— INSTRUCTIONS FOR THE TASK —
Pictures in the data should be dropped; transcribe exactly the lines from the one that has "韩国chic夏季法式复古慵懒风宽松长袖镂空薄款针织防晒罩衫上衣女" through the one that has "耐荷重:450g(1フックあたり150g) 材質:本体:ステンレス鋼、マグネット部:マグネット |".

— DATASET EXCERPTS —
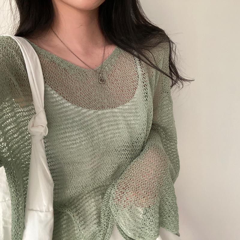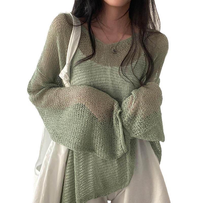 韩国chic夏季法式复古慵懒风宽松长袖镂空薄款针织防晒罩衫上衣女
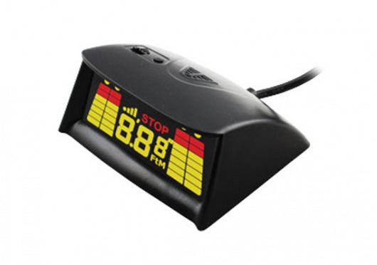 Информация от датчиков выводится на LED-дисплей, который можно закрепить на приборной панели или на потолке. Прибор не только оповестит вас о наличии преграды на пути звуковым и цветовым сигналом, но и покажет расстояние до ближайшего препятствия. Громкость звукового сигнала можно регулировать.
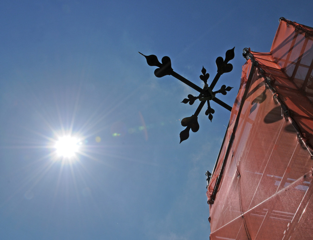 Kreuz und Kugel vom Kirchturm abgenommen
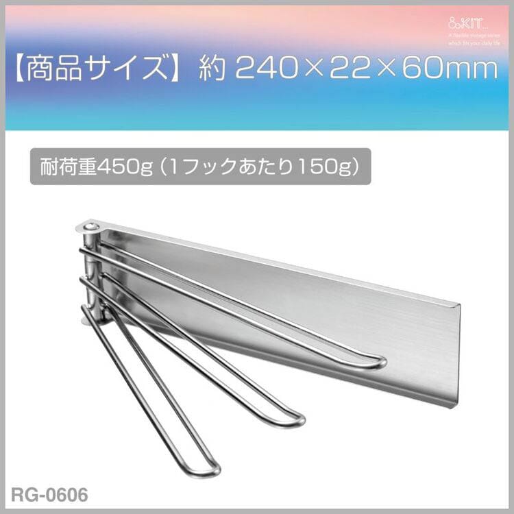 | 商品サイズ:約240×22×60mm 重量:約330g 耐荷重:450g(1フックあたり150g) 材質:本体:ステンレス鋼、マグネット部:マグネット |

* * *

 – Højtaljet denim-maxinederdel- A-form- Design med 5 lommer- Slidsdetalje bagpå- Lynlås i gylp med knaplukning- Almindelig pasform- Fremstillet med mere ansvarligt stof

— RESPONSE TO THE TASK —
 韩国chic夏季法式复古慵懒风宽松长袖镂空薄款针织防晒罩衫上衣女
 Информация от датчиков выводится на LED-дисплей, который можно закрепить на приборной панели или на потолке. Прибор не только оповестит вас о наличии преграды на пути звуковым и цветовым сигналом, но и покажет расстояние до ближайшего препятствия. Громкость звукового сигнала можно регулировать.
 Kreuz und Kugel vom Kirchturm abgenommen
 | 商品サイズ:約240×22×60mm 重量:約330g 耐荷重:450g(1フックあたり150g) 材質:本体:ステンレス鋼、マグネット部:マグネット |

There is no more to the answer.